## What you have to do
Nothing but the records, repeated exactly, should form the response.

## Record extracts
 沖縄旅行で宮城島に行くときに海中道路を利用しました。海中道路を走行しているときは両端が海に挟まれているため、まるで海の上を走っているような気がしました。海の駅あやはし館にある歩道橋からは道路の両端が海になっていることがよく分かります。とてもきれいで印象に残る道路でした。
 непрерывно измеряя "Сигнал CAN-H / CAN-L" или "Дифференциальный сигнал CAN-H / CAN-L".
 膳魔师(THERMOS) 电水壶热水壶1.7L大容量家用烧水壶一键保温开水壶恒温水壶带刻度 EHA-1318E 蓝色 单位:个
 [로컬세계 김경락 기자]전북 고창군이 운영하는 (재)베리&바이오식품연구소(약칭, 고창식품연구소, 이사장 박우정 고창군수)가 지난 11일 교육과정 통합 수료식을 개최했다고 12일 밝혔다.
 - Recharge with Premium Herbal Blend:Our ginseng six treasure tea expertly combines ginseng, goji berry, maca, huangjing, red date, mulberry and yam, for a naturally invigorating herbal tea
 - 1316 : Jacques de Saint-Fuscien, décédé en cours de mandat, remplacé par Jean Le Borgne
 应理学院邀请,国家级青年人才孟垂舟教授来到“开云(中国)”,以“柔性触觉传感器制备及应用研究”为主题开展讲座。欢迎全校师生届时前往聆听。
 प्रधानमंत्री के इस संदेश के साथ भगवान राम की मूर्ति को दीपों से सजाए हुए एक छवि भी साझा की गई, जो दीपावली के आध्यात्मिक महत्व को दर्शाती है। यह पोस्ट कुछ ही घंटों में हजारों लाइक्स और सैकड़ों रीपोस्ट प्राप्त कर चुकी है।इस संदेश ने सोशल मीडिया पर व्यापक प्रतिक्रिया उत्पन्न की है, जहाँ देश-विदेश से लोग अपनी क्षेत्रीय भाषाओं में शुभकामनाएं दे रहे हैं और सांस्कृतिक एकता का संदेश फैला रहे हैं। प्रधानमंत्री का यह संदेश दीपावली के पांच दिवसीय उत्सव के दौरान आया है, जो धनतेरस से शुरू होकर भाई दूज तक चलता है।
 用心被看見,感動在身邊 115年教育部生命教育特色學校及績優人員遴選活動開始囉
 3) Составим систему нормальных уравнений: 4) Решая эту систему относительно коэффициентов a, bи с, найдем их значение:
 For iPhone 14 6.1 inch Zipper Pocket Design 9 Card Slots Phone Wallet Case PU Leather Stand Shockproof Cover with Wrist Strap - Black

## Result of the task
 沖縄旅行で宮城島に行くときに海中道路を利用しました。海中道路を走行しているときは両端が海に挟まれているため、まるで海の上を走っているような気がしました。海の駅あやはし館にある歩道橋からは道路の両端が海になっていることがよく分かります。とてもきれいで印象に残る道路でした。
 непрерывно измеряя "Сигнал CAN-H / CAN-L" или "Дифференциальный сигнал CAN-H / CAN-L".
 膳魔师(THERMOS) 电水壶热水壶1.7L大容量家用烧水壶一键保温开水壶恒温水壶带刻度 EHA-1318E 蓝色 单位:个
 [로컬세계 김경락 기자]전북 고창군이 운영하는 (재)베리&바이오식품연구소(약칭, 고창식품연구소, 이사장 박우정 고창군수)가 지난 11일 교육과정 통합 수료식을 개최했다고 12일 밝혔다.
 - Recharge with Premium Herbal Blend:Our ginseng six treasure tea expertly combines ginseng, goji berry, maca, huangjing, red date, mulberry and yam, for a naturally invigorating herbal tea
 - 1316 : Jacques de Saint-Fuscien, décédé en cours de mandat, remplacé par Jean Le Borgne
 应理学院邀请,国家级青年人才孟垂舟教授来到“开云(中国)”,以“柔性触觉传感器制备及应用研究”为主题开展讲座。欢迎全校师生届时前往聆听。
 प्रधानमंत्री के इस संदेश के साथ भगवान राम की मूर्ति को दीपों से सजाए हुए एक छवि भी साझा की गई, जो दीपावली के आध्यात्मिक महत्व को दर्शाती है। यह पोस्ट कुछ ही घंटों में हजारों लाइक्स और सैकड़ों रीपोस्ट प्राप्त कर चुकी है।इस संदेश ने सोशल मीडिया पर व्यापक प्रतिक्रिया उत्पन्न की है, जहाँ देश-विदेश से लोग अपनी क्षेत्रीय भाषाओं में शुभकामनाएं दे रहे हैं और सांस्कृतिक एकता का संदेश फैला रहे हैं। प्रधानमंत्री का यह संदेश दीपावली के पांच दिवसीय उत्सव के दौरान आया है, जो धनतेरस से शुरू होकर भाई दूज तक चलता है।
 用心被看見,感動在身邊 115年教育部生命教育特色學校及績優人員遴選活動開始囉
 3) Составим систему нормальных уравнений: 4) Решая эту систему относительно коэффициентов a, bи с, найдем их значение:
 For iPhone 14 6.1 inch Zipper Pocket Design 9 Card Slots Phone Wallet Case PU Leather Stand Shockproof Cover with Wrist Strap - Black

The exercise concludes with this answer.